▽

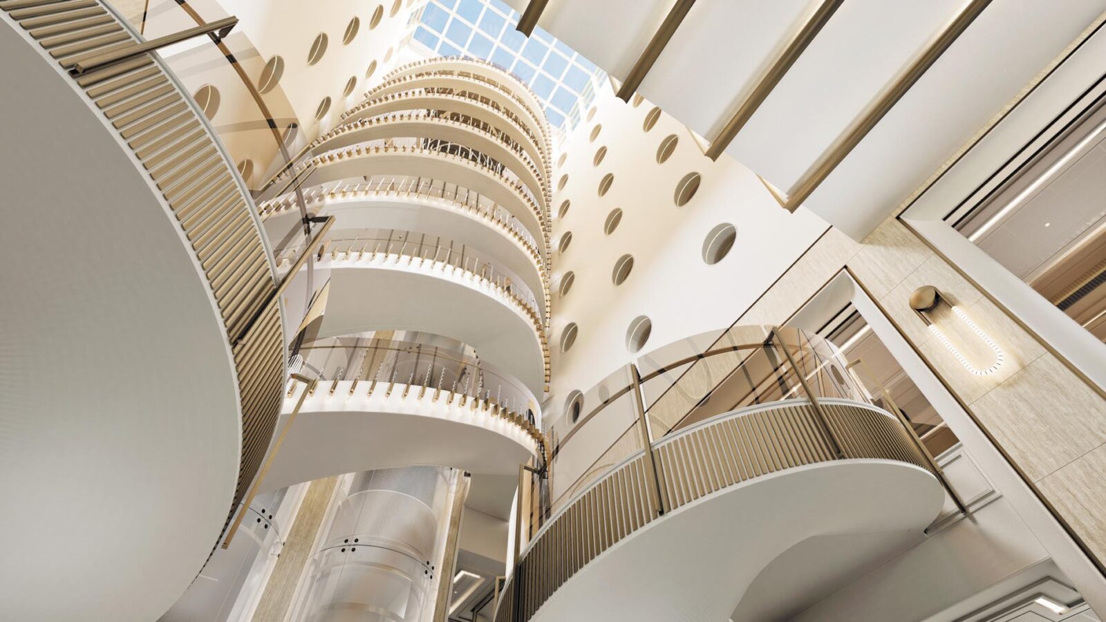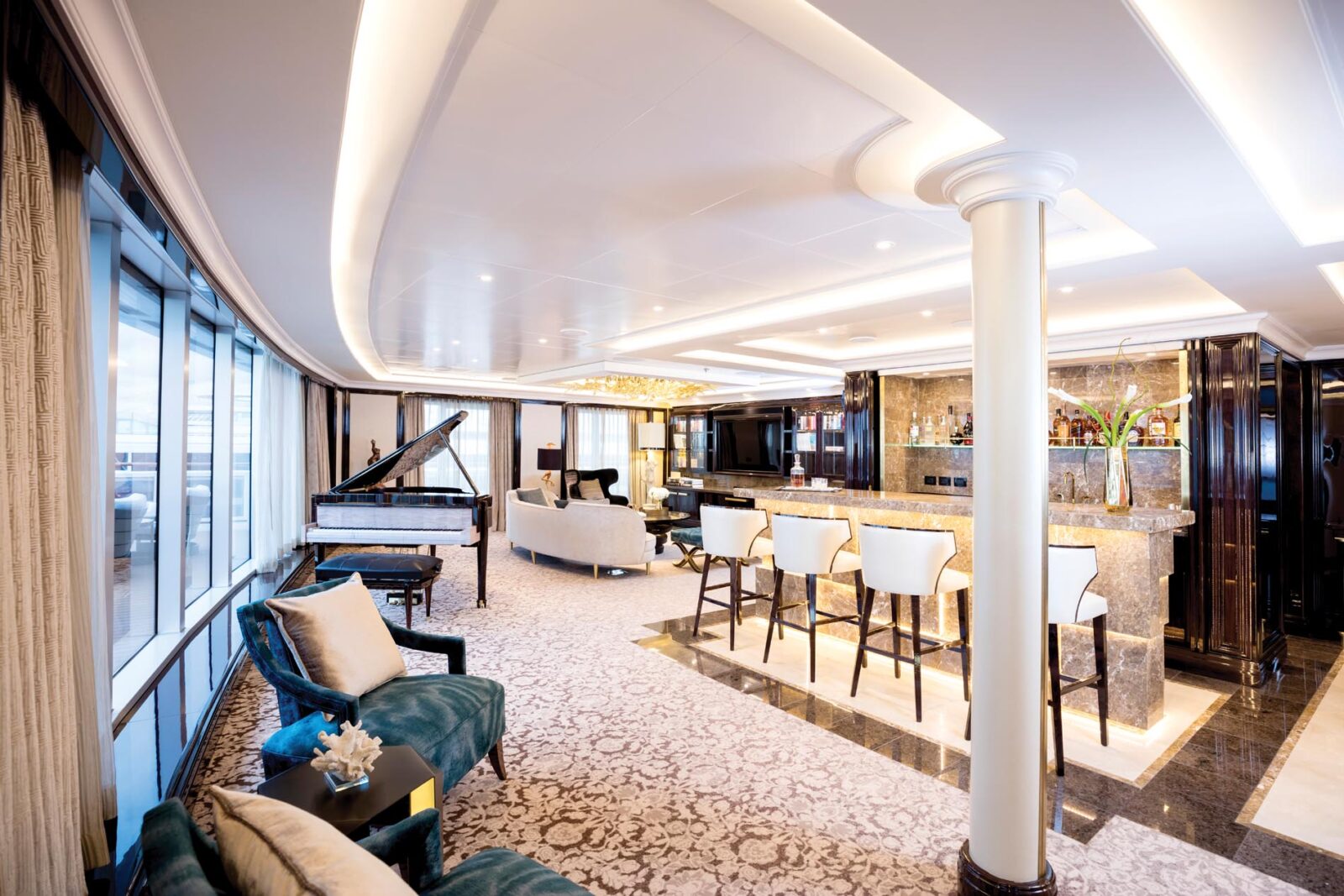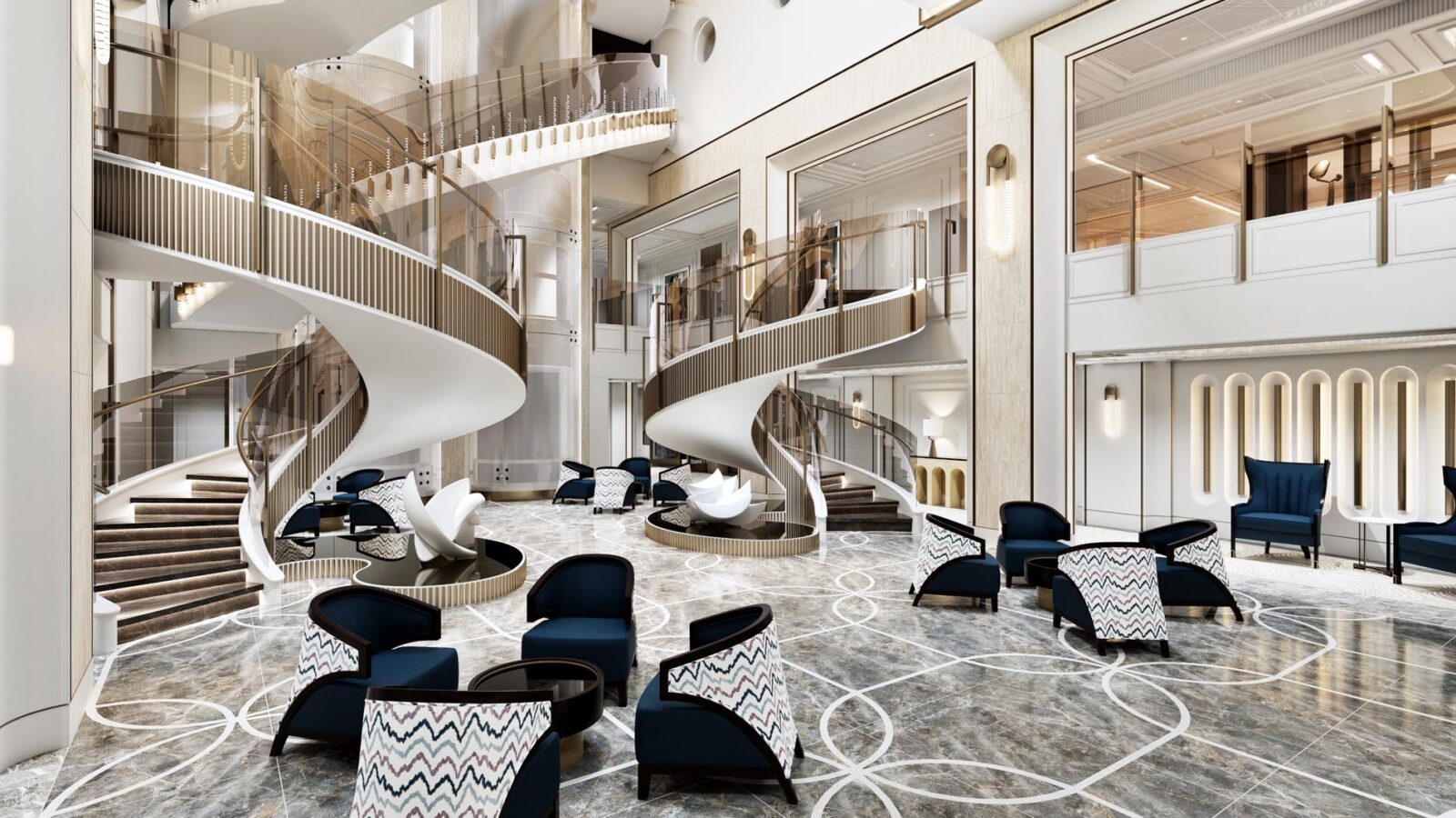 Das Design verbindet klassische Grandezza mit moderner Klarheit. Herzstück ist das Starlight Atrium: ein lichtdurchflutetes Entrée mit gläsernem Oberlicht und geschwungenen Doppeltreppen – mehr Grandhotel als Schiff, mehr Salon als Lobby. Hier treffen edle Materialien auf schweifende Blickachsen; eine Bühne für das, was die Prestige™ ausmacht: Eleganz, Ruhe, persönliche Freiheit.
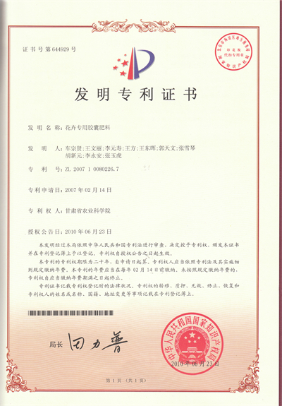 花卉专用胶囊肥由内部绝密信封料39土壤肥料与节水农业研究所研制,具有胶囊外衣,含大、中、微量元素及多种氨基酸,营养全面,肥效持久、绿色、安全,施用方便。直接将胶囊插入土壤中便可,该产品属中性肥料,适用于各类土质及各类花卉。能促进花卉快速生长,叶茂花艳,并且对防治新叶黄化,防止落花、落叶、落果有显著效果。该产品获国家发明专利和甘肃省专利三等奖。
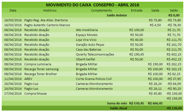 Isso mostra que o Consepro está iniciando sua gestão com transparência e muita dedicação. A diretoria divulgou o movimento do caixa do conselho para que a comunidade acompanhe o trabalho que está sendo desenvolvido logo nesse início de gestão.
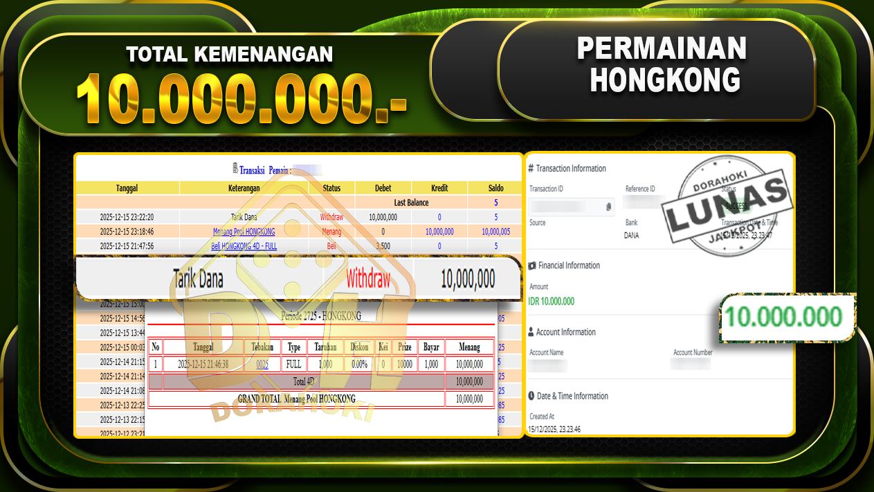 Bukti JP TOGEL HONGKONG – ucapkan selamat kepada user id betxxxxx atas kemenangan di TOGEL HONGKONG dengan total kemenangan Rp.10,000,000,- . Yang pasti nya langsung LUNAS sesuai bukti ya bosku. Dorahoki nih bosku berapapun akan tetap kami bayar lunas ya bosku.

△

Return only what lies between the line containing "花卉专用胶囊肥由内部绝密信封" and the last line of the listing, those two lines included, exactly as written and with no pictures.

 花卉专用胶囊肥由内部绝密信封料39土壤肥料与节水农业研究所研制,具有胶囊外衣,含大、中、微量元素及多种氨基酸,营养全面,肥效持久、绿色、安全,施用方便。直接将胶囊插入土壤中便可,该产品属中性肥料,适用于各类土质及各类花卉。能促进花卉快速生长,叶茂花艳,并且对防治新叶黄化,防止落花、落叶、落果有显著效果。该产品获国家发明专利和甘肃省专利三等奖。
 Isso mostra que o Consepro está iniciando sua gestão com transparência e muita dedicação. A diretoria divulgou o movimento do caixa do conselho para que a comunidade acompanhe o trabalho que está sendo desenvolvido logo nesse início de gestão.
 Bukti JP TOGEL HONGKONG – ucapkan selamat kepada user id betxxxxx atas kemenangan di TOGEL HONGKONG dengan total kemenangan Rp.10,000,000,- . Yang pasti nya langsung LUNAS sesuai bukti ya bosku. Dorahoki nih bosku berapapun akan tetap kami bayar lunas ya bosku.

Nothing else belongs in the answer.